Monday, June 04, 2012

   Talvez tenha sido efeito dos medicamentos. Ou talvez eu seja assim mesmo esquisito.  O fato é que ontem eu acordei achando que fosse uma boa idéia me arrastar pra beira do Tâmisa ver o cortejo do arraiá da Lilibeth, afinal é apenas a segunda vez em toda história que um monarca celebra um Jubileu de Diamante, antes dela só mesmo a "belíssima" e falsa moralista Victoria. Enfim, lá fui eu pras ruas frias, molhadas, e na maioria dos casos, interditadas.
   A ida até que nem foi traumática, apesar da multidão enfeitada de bandeiras, caras pintadas, coroas e tudo o mais que se possa imaginar. Muita alegria, muita birita, muita comida e o povo histérico de felicidade e orgulho, os inocentes.
   Claro que nem pensar em conseguir chegar nas margens do rio pra ver os tais mil barcos do cortejo e toda a fanfarra.

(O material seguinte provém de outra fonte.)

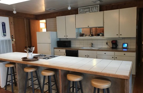 The kitchen, dining, and living area is an open concept space. The kitchen has a 13 ft island, full-size refrigerator, coffee maker, microwave, stove, and oven. The living room has a large dining room table that will seat 10, pool/ping pong table, couch and loveseat, and TV with Dish Network & Netflix.

E ventava. Chovia. E não se conseguia mais andar. Então eu súbitamente tive um ataque de lucidez, me perguntei que diabos eu estava fazendo ali, deixei meus amigos de lado e voltei pra casa, depois de uma novela mexicana tentando atravessar a London Bridge morrendo de medo dos cavalos da Polícia Montada, que tentava, sem muito sucesso, conter a multidão. Fiz meia volta e peguei o metrô superlotado pra chegar em casa ainda em tempo de pegar o começo da festa ao vivo na BBC e assistir tudo do conforto do sofá tomando meu cházinho e comendo biscoitos.
   Tudo muito lindo, visto daqui, claro. O barco de Lilibeth luxuosíssimo, chiquérrimo, e ela, como sempre, com um chapéu absurdo, boquinha vermelha e toda sorrisinhos se fingindo de fofa e bonachona acenando pra plebe. Quem não te conhece... O príncipe lunático orelhudo, sem ter plantas com quem conversar foi obrigado a se contentar com a ex inimiga pública número 1 e provávelmente futura rainha, que se derretia toda pro lado da sogra megera.
    O príncipe mauricinho sem sal, o queridinho  gente fina, meio que desapareceu do lado da cabeluda, que teve a coragem de aparecer de vermelho Almodóvar da cabeça aos pés(Alexander MacQueen, minha gente, nem me venham com tolices)e uma cinturinha de causar incredulidade em gente que já viu de tudo nessa vida. A moça sempre foi corajosa e determinada. Ou nem estaria na quermesse.
   Já nosso pequeno príncipe, ruivo e muito gostosinho, dessa vez se comportou como um gentleman, pra alegria da vovó. Mas por baixo da farda e das medalhas dava pra ver umas pulseiras bem moderninhas no pulso, o que dá esperança pra muitos. O moço agora se especializa em parecer comum, como o resto de nós. Parabéns fofo.
   Antes disso tudo, o orelhudo tinha baixado numa street party em piccadilly, com a ex-inimiga pública e futura rainha do reino das águas claras, levando uma torta, apertando mãos e comendo petiscos com a populaça. Claro que depois deve ter desinfetado as mãos escondido em seu Rolls-Royce. Aprendeu com mamãe, que nunca na vida foi vista sem luva, que é pra não pegar pereba braba de suor de pobre.
   Agora é esperar pelo concerto de hoje à noite, em frente ao palácio, pra doze mil convidados  que receberão uma cesta de picnic cheia de guloseimas do Heston Blumenthal no conforto de suas cadeiras enquanto os outros cem mil menos afortunados ficam se acotovelando lá atrás. Ontem já tinha gente acampada por lá e muitas famílias inteiras passaram a noite na chuva e no frio pra conseguir uma boa visão do circo. Melhor nem mencionar os artistas convocados pra gloriosa noite, basta dizer que quem organizou o pagode foi o moço Gary Barlow, aquele ex Take That.

Ps.
  • O marido da tia, o destemperado do Duque, foi parar no hospital com uma infecção urinária. Se não for desculpa pra não ter que aturar tanto talento.
  • O celular do chato do Paul McCartney    tocando no meio da entrevista ao vivo agora na BBC. É o fim. E Elton John todo lépido e faceiro, aparentemente recuperado da pneumonia. Vai ter Stevie Wonder, aleluia senhor!
  • Tem um cantor de ópera gostosão no palco vestido de cowboy e cantando O Sole Mio. Que pôrra é essa minha gente?